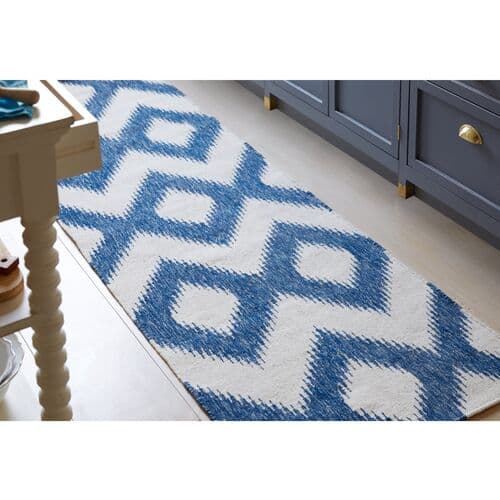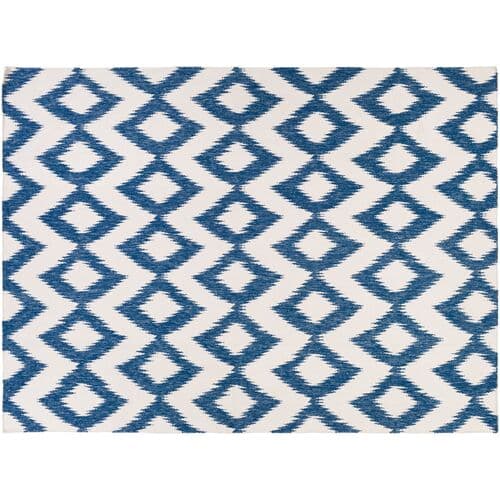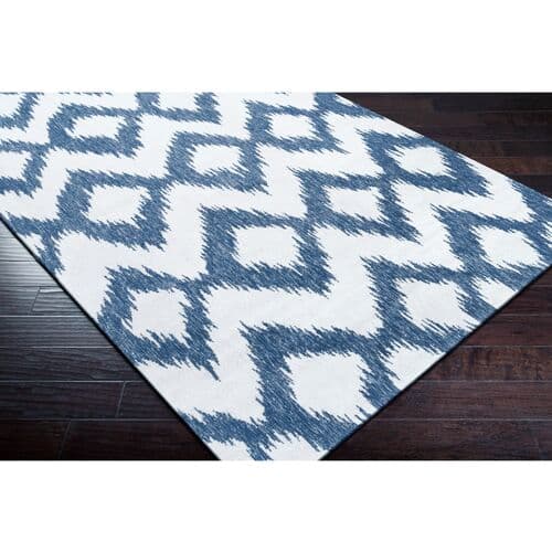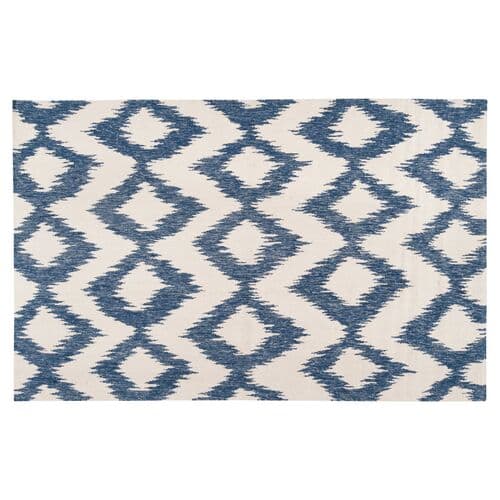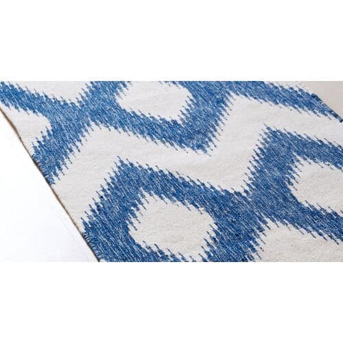 Enhance any room with the visual impact of this handwoven, reversible wool rug featuring an ikat-inspired navy design. To prolong its life and keep it in place, a rug pad is recommended.
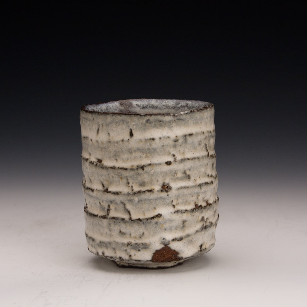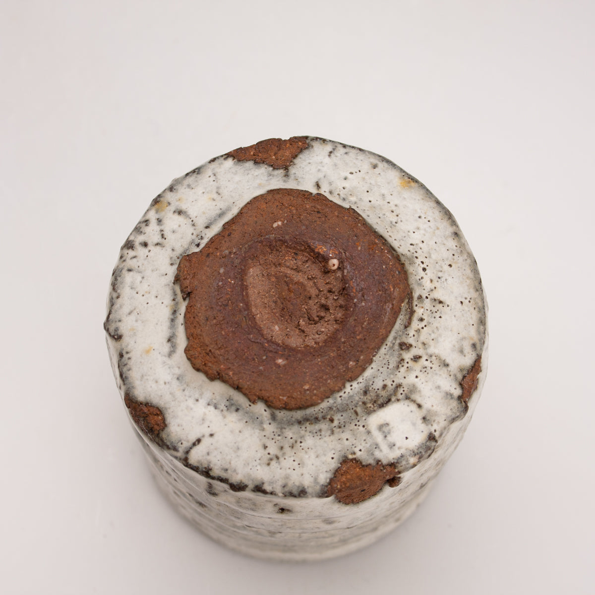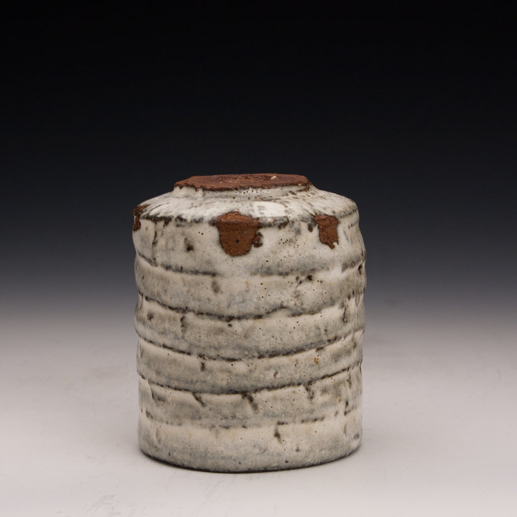 Wood fired local red clay. Carved clay and nuka glaze. 3.25 x 3.75
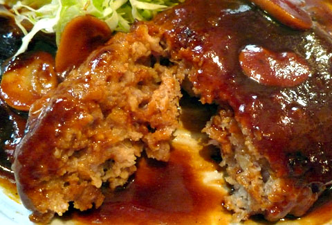 ハンバーグ自体は超柔らかい代物。ソフトで箸にも歯にも抵抗が殆どない。つなぎもそこそこあろうが、肉々しさは損なわず、つなぎばかりがパスパスの味や食感にならず、うまいことソース含め全てが渾然一体となって口中でフワッとトロける。
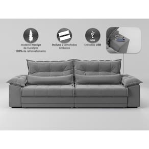 USB:Sofá com uma tomada contendo duas entradas USB para carregamento de eletrônicos, potência de 5V.Não incluso fonte de energia. Extensão do cabo da tomada pode variar de 70cm a 90cm.

§ **THE TASK**
Word for word, reproduce all the data, but not the pictures.

§ **SOLUTION FOR THIS PROBLEM**
 Enhance any room with the visual impact of this handwoven, reversible wool rug featuring an ikat-inspired navy design. To prolong its life and keep it in place, a rug pad is recommended.
 Wood fired local red clay. Carved clay and nuka glaze. 3.25 x 3.75
 ハンバーグ自体は超柔らかい代物。ソフトで箸にも歯にも抵抗が殆どない。つなぎもそこそこあろうが、肉々しさは損なわず、つなぎばかりがパスパスの味や食感にならず、うまいことソース含め全てが渾然一体となって口中でフワッとトロける。
 USB:Sofá com uma tomada contendo duas entradas USB para carregamento de eletrônicos, potência de 5V.Não incluso fonte de energia. Extensão do cabo da tomada pode variar de 70cm a 90cm.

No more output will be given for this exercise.